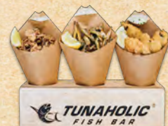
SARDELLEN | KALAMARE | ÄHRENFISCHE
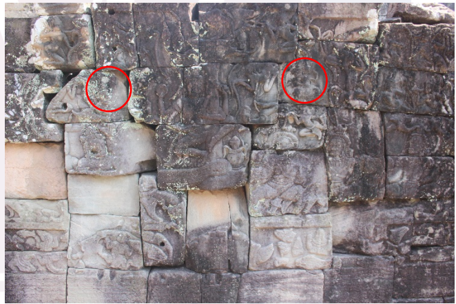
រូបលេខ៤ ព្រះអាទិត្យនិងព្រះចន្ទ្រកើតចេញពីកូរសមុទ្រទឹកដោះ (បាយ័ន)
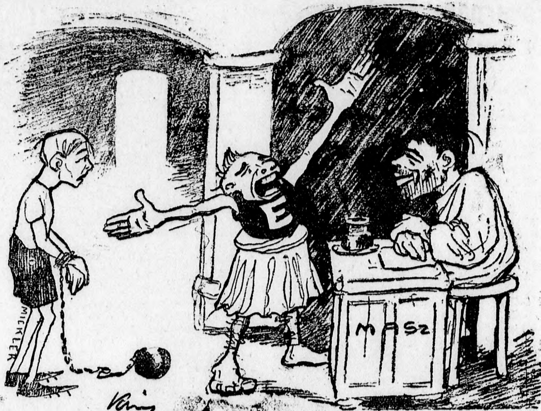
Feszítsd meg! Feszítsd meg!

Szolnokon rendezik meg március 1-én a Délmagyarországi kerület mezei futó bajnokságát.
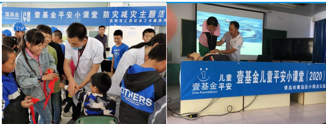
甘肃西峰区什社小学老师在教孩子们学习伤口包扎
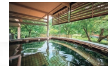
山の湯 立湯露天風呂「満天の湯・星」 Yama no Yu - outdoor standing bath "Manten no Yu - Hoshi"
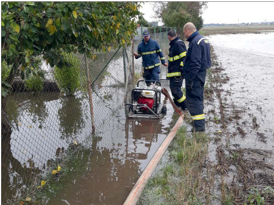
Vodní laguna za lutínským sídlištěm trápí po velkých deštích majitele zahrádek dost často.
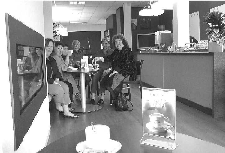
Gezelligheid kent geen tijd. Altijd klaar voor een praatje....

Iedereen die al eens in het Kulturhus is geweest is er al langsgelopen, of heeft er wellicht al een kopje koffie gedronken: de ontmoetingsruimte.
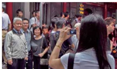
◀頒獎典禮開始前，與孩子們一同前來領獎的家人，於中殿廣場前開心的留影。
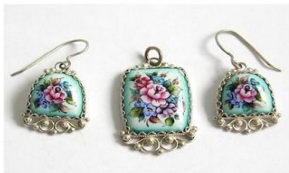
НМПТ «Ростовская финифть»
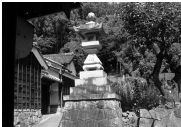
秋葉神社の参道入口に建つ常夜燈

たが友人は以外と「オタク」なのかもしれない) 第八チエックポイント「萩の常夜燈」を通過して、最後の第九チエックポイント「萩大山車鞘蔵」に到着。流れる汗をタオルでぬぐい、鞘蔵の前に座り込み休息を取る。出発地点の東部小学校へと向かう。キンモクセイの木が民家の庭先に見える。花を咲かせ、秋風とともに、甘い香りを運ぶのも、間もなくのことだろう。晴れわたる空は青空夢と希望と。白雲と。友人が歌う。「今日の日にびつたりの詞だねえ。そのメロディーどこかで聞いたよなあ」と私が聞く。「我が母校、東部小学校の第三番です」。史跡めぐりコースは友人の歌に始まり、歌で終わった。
...
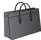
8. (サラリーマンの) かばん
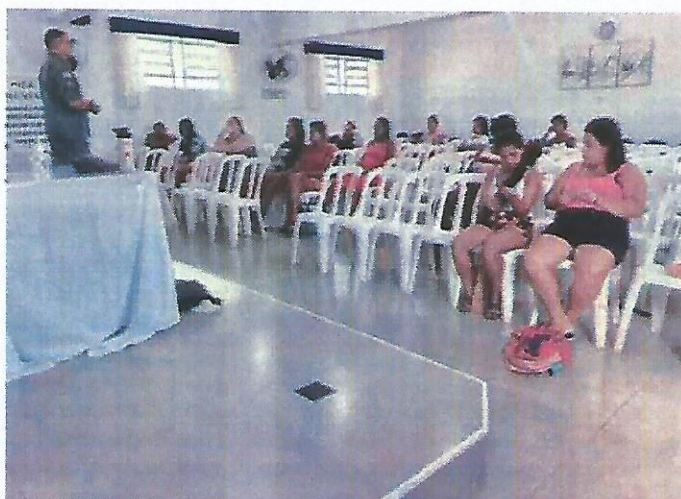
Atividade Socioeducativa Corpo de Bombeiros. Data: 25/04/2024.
* * *
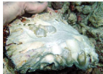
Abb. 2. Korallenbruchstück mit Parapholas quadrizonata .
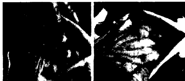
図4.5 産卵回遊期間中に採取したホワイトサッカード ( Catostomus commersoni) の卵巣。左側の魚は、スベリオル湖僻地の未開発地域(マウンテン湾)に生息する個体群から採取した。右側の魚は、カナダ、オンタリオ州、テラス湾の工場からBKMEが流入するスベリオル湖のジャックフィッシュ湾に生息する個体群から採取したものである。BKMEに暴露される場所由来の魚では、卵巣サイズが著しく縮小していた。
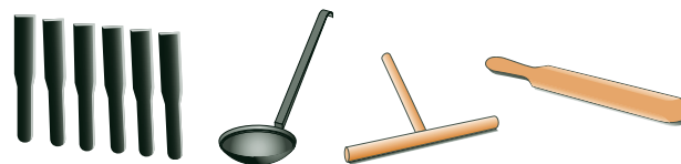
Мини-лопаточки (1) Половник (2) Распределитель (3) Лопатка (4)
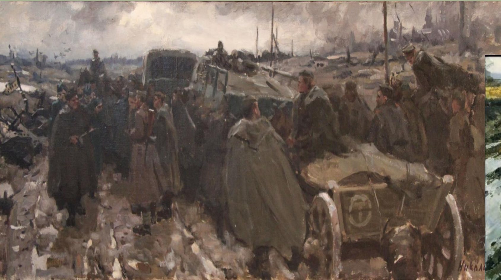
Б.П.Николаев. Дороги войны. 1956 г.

▶ **What is needed**: From the entries above, copy exactly the lines starting at the one with "Vodní laguna za" and stopping at the one with "たが友人は以外と「オタク」な", keeping both ends. Drop the pictures.

▶ **The completed task**:
Vodní laguna za lutínským sídlištěm trápí po velkých deštích majitele zahrádek dost často.
Gezelligheid kent geen tijd. Altijd klaar voor een praatje....

Iedereen die al eens in het Kulturhus is geweest is er al langsgelopen, of heeft er wellicht al een kopje koffie gedronken: de ontmoetingsruimte.
◀頒獎典禮開始前，與孩子們一同前來領獎的家人，於中殿廣場前開心的留影。
НМПТ «Ростовская финифть»
秋葉神社の参道入口に建つ常夜燈

たが友人は以外と「オタク」なのかもしれない) 第八チエックポイント「萩の常夜燈」を通過して、最後の第九チエックポイント「萩大山車鞘蔵」に到着。流れる汗をタオルでぬぐい、鞘蔵の前に座り込み休息を取る。出発地点の東部小学校へと向かう。キンモクセイの木が民家の庭先に見える。花を咲かせ、秋風とともに、甘い香りを運ぶのも、間もなくのことだろう。晴れわたる空は青空夢と希望と。白雲と。友人が歌う。「今日の日にびつたりの詞だねえ。そのメロディーどこかで聞いたよなあ」と私が聞く。「我が母校、東部小学校の第三番です」。史跡めぐりコースは友人の歌に始まり、歌で終わった。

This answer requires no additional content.